Exercise brief » Among the entries below, please repeat exactly and only the lines from the line containing "Más aún, en" to the line containing "今日の給食! 公開日 2025/10/01", both lines included.

Exercise materials »

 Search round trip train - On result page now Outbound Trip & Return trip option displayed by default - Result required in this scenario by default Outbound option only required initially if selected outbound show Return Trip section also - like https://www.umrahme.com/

==

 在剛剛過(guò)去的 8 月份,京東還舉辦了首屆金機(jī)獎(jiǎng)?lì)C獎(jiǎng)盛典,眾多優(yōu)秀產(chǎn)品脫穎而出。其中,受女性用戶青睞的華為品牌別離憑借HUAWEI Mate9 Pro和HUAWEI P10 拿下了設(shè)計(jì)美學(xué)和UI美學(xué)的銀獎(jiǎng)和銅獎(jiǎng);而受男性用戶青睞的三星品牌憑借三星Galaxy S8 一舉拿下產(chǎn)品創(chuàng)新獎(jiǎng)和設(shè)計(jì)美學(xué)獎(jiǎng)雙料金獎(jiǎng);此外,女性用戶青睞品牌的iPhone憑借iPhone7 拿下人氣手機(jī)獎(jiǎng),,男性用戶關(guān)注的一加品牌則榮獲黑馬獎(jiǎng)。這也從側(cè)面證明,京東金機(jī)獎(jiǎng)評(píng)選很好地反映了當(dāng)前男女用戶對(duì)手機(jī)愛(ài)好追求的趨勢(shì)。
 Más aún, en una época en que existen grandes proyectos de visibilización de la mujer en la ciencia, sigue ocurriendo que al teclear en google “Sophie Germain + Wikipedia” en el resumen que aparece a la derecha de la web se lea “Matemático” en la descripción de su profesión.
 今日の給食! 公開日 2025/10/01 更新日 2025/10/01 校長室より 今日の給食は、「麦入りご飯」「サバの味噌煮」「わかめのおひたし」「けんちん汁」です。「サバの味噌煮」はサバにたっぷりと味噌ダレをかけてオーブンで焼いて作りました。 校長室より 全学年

--

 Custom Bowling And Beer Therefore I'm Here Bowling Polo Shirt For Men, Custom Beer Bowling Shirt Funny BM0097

Response to this exercise »
 Más aún, en una época en que existen grandes proyectos de visibilización de la mujer en la ciencia, sigue ocurriendo que al teclear en google “Sophie Germain + Wikipedia” en el resumen que aparece a la derecha de la web se lea “Matemático” en la descripción de su profesión.
 今日の給食! 公開日 2025/10/01 更新日 2025/10/01 校長室より 今日の給食は、「麦入りご飯」「サバの味噌煮」「わかめのおひたし」「けんちん汁」です。「サバの味噌煮」はサバにたっぷりと味噌ダレをかけてオーブンで焼いて作りました。 校長室より 全学年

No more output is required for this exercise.